WHAT TO DO
Beginning at the line containing "Schiappacasse, Dino - Autores" in the material below and ending at the line containing "Am 21. November", return each line exactly and add nothing.

INFORMATION SUPPLIED
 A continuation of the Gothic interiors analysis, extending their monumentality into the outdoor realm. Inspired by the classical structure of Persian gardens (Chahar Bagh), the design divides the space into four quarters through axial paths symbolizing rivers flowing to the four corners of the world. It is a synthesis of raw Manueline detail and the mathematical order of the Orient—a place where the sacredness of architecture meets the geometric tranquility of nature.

---

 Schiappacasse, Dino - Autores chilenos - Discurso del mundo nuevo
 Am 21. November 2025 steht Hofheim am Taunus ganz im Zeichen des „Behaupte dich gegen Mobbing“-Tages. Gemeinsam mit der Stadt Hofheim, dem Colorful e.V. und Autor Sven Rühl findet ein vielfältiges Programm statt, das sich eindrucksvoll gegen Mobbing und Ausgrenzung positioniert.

TASK SOLUTION
 Schiappacasse, Dino - Autores chilenos - Discurso del mundo nuevo
 Am 21. November 2025 steht Hofheim am Taunus ganz im Zeichen des „Behaupte dich gegen Mobbing“-Tages. Gemeinsam mit der Stadt Hofheim, dem Colorful e.V. und Autor Sven Rühl findet ein vielfältiges Programm statt, das sich eindrucksvoll gegen Mobbing und Ausgrenzung positioniert.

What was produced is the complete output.